• Try it: Quote, word for word, only the lines running from the line with "مجفف شعر فيليبس" through the end of the listing. Leave out the pictures.

• Provided material:
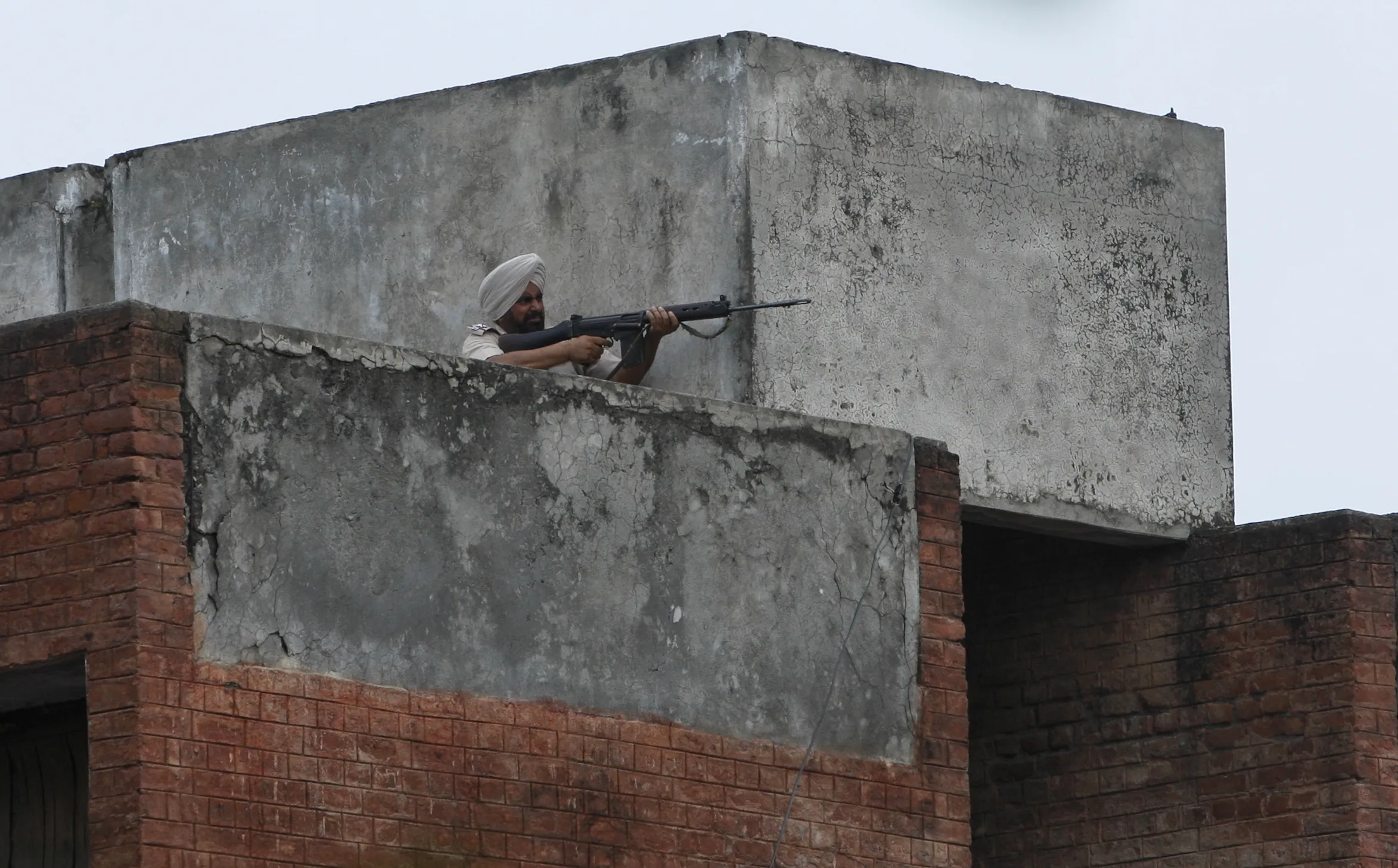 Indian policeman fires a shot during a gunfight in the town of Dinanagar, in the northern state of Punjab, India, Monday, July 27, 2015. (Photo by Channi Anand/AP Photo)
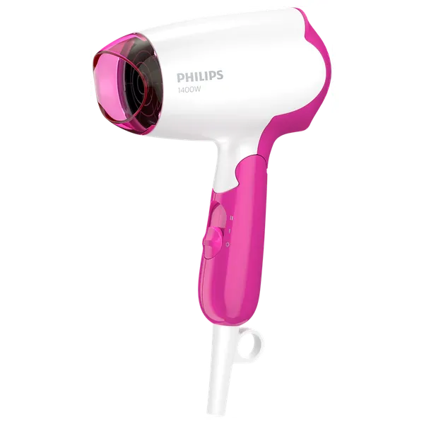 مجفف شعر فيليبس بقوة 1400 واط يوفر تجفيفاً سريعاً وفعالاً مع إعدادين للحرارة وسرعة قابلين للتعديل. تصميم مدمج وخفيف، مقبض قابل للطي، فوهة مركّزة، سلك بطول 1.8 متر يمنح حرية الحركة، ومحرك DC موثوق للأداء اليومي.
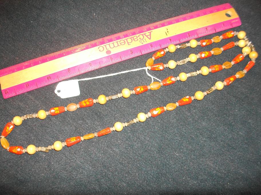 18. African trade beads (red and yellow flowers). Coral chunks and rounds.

• Your solution:
 مجفف شعر فيليبس بقوة 1400 واط يوفر تجفيفاً سريعاً وفعالاً مع إعدادين للحرارة وسرعة قابلين للتعديل. تصميم مدمج وخفيف، مقبض قابل للطي، فوهة مركّزة، سلك بطول 1.8 متر يمنح حرية الحركة، ومحرك DC موثوق للأداء اليومي.
 18. African trade beads (red and yellow flowers). Coral chunks and rounds.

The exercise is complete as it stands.